* [Exercise brief] Please copy every line of the records below that holds the word "design".

* [Material provided]
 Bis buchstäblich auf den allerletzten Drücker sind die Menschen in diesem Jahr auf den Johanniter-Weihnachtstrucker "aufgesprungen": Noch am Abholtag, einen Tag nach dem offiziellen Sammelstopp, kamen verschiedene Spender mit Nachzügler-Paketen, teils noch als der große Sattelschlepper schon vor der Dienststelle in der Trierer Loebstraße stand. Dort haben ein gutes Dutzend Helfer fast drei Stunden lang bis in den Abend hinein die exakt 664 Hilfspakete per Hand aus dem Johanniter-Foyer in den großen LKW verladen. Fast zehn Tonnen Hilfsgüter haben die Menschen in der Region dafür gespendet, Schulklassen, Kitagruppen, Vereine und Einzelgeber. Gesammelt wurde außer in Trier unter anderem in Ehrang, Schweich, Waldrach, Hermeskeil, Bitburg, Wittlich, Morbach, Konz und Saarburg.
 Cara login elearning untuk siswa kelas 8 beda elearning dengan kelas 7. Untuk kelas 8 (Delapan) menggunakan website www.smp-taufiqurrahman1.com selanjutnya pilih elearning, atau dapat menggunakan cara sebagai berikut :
--
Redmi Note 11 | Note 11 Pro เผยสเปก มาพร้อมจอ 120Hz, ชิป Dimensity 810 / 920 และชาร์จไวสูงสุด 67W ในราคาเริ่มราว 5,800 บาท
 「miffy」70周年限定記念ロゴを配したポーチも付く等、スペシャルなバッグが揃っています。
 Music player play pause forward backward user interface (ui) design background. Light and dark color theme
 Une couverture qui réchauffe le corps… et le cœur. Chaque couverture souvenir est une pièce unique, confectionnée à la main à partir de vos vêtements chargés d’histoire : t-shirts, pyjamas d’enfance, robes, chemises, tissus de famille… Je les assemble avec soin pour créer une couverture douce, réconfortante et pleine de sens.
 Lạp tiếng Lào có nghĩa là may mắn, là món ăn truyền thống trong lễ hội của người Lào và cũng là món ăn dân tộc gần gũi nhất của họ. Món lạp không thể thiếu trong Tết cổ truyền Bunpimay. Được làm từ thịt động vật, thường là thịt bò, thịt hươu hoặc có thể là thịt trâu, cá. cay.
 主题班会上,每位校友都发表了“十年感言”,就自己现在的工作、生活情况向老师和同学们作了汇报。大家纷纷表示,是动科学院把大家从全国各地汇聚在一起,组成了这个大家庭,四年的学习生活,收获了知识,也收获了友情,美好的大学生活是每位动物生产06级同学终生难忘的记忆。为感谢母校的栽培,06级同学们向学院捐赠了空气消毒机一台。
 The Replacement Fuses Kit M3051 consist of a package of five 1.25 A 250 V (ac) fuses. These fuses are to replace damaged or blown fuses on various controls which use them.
---
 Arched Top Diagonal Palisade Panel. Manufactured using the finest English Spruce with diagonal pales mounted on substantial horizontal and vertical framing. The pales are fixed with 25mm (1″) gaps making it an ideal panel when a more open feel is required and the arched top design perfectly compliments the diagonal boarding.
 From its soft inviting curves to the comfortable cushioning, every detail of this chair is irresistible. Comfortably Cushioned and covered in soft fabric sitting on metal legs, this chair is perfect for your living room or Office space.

* [Final answer]
 Music player play pause forward backward user interface (ui) design background. Light and dark color theme
 Arched Top Diagonal Palisade Panel. Manufactured using the finest English Spruce with diagonal pales mounted on substantial horizontal and vertical framing. The pales are fixed with 25mm (1″) gaps making it an ideal panel when a more open feel is required and the arched top design perfectly compliments the diagonal boarding.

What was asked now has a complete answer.